Vejamos alguns desses aspectos: a) o karma não
resulta da ação praticada, mas do sentimento com que a se pratica; b) o karma
não é necessariamente individual e intransferível, ele está associado com a
idéia de obrigação que pode ser cumprida por qualquer um que se identifique
com sua demanda (filhos em relação aos pais, por exemplo); c) o karma não está
atrelado à idéia de evolução (existem retrocessos kármicos: uma pessoa pode
voltar a reencarnar como animal ou planta); d) o karma é transpessoal: vários
espíritos podem reencarnar em uma pessoa e vice-versa. Entretanto, ao
comparamos esta concepção da tradição hinduísta à atual concepção espírita
kardecista, observamos que o que realmente mudou foi nossa idéia de Liberdade e
de Justiça.
Cada um desses aspectos comporta longas e complexas discussões. Por exemplo: se o karma não resulta da ação, mas da intenção, é lícito matar outro vivente desde com desapego emocional? Com efeito, para o Hinduísmo, o karma ioga é um sistema de ética guerreira; enquanto para os espíritas ocidentais contemporâneos, o karma é uma “Lei” – tanto no sentido de “lei científica” como no de “legislação penal”. Aliás, essa duplicidade é bastante significativa porque revela a nossa necessidade de duplo fundamento (natural e social) da causalidade e determinação da vida. A questão central, então, passa a ser como entendermos que essa necessidade de ordem diante do caos e da entropia do universo em nossa vida cotidiana.

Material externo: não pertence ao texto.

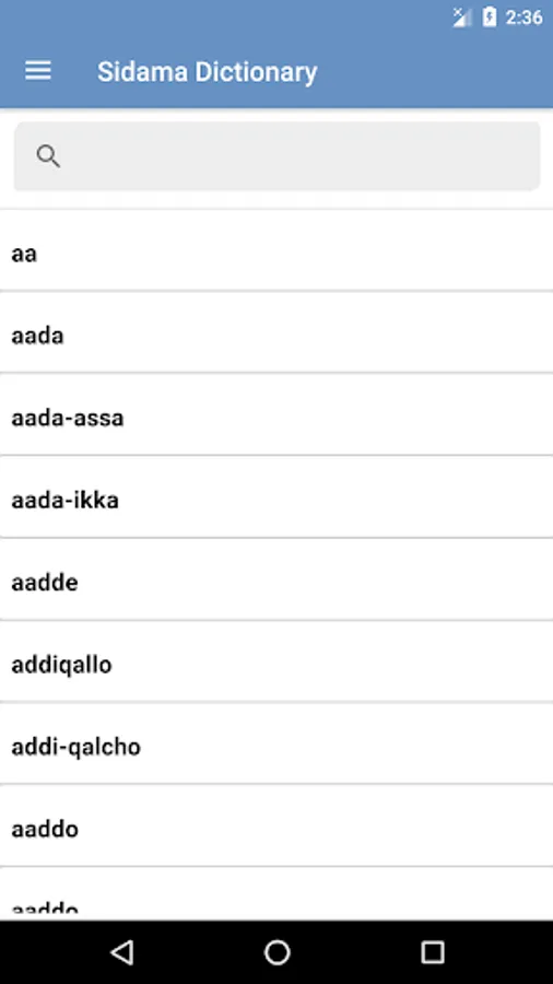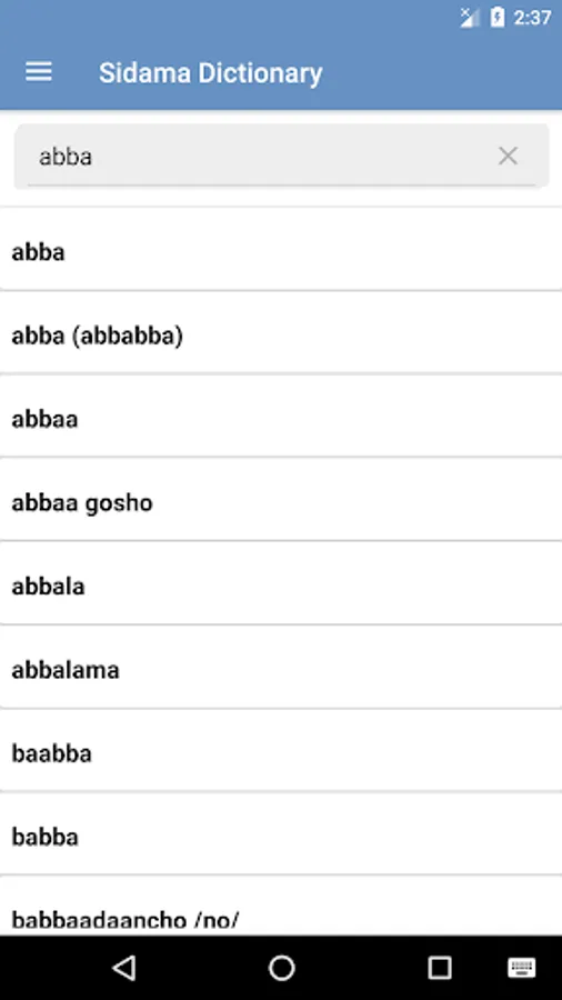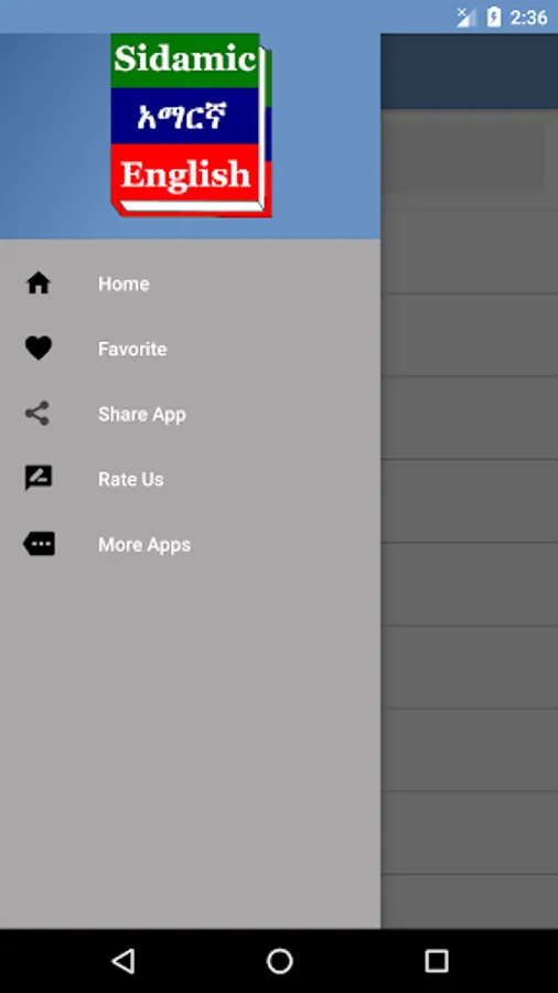 Sidama dictionary that has translations in Amharic and English, it has many useful features. With Sidamic to Amharic English Dictionary, you can add the word you like to favorite and you can access it later.
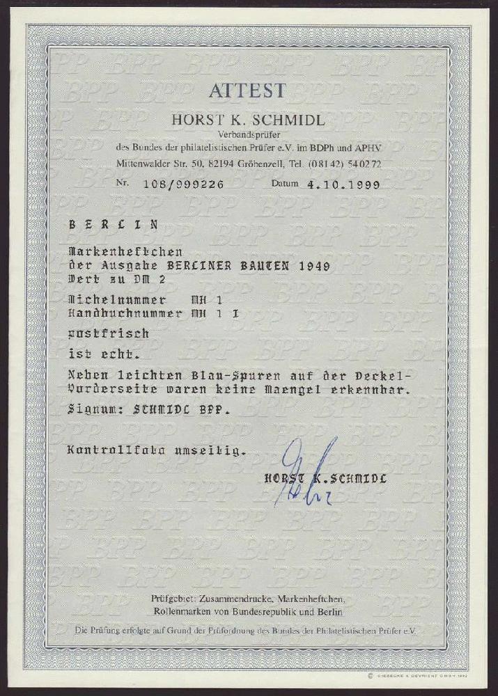 | Zusatzinformationen und Suchstichworte: | Christian E. Geigle Briefmarkenfachhandel Los 0003137507 Berlin 1949, Bauten I, postfrisches Markenheftchen in Prachtqualität, FA Schmidl "neben leichten Blau-Spuren auf der Deckelvorderseite waren keine Mängel erkennbar" Festpreis 245,00 EUR |
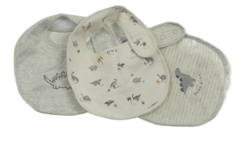 3x podbradník s dinosaury světlešedý+ smetanový+ pruhovaný Next
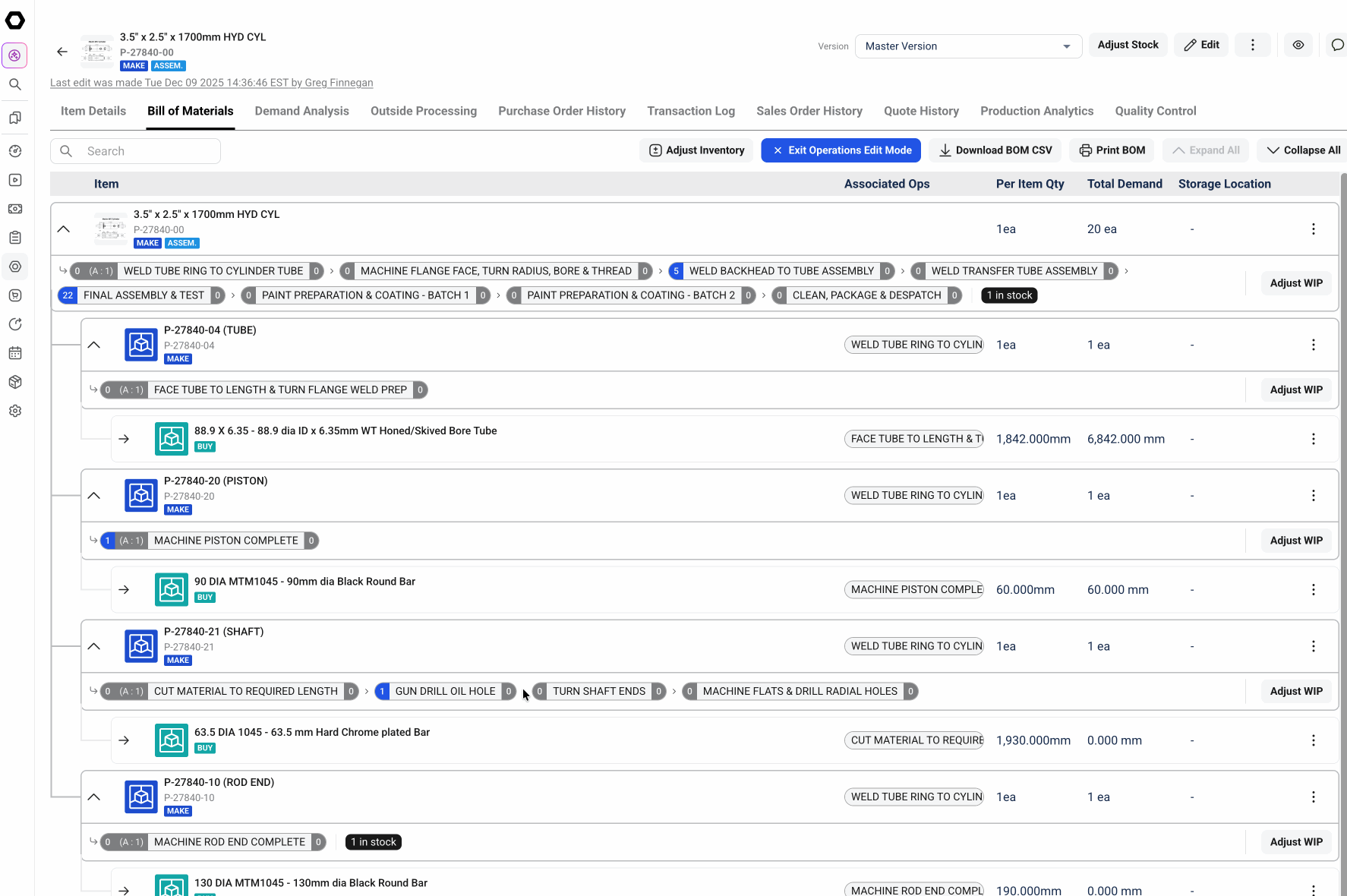 - Line items now feature a Bill of Materials that functions similar to the job Bill of Materials for line item originated demand. Access it by going to the order page and pressing “Bill of Materials”
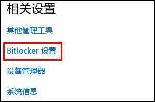 3、在“关于”选项右侧设置界面移动到自动最下面,在相关设置 下点击 【BitLocker 设置】;
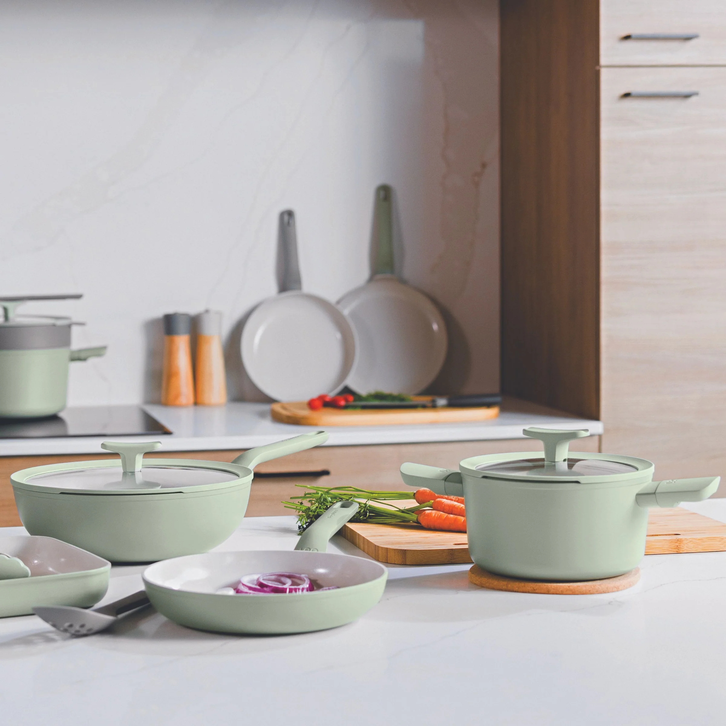 | Unique features | Made with recycled aluminium Healthy CeraGreen ceramic non-stick coating (PFAS-free) Full disk base that conducts heat fast and evenly for energy-efficient cooking Ovenproof up to 180°C / 356°F |
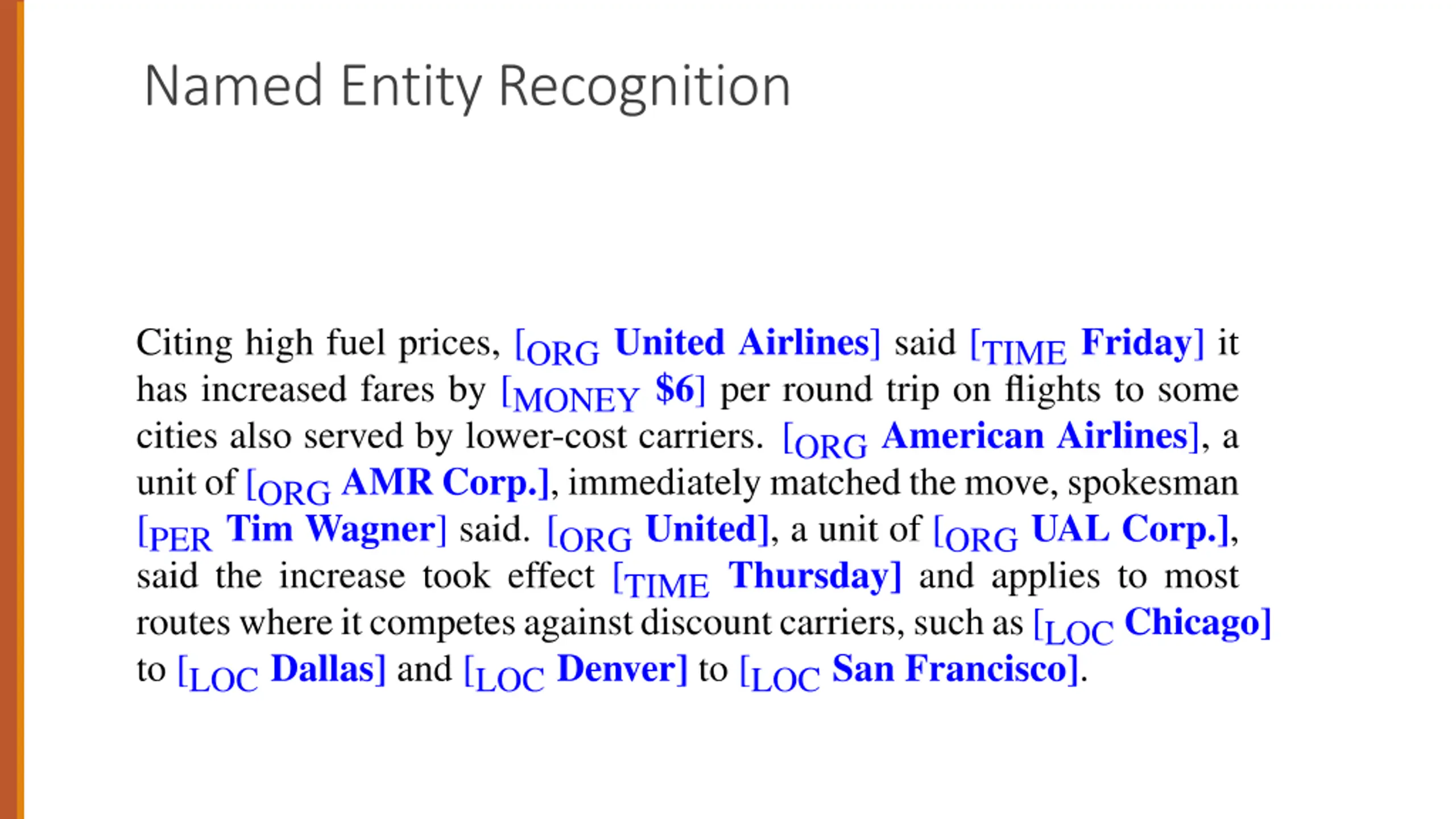 Named Entity Recognition A named entity is anything that can be referred to with a proper name: a person, a location, an organization Named entity recognition (NER): find spans of text that constitute proper names and tag the type of the entity

Concluindo: o karma não é uma estrutura determinística, mas sim condicionante, ele é o conjunto das condições iniciais de uma situação e não sua(s) causa(s). Seja na forma de obstruções, doenças ou influências espirituais negativas, este atractor de coincidências existenciais apenas reincide sua nossa ação na medida em que não o consideramos: a lei só existe para quem a desobedece.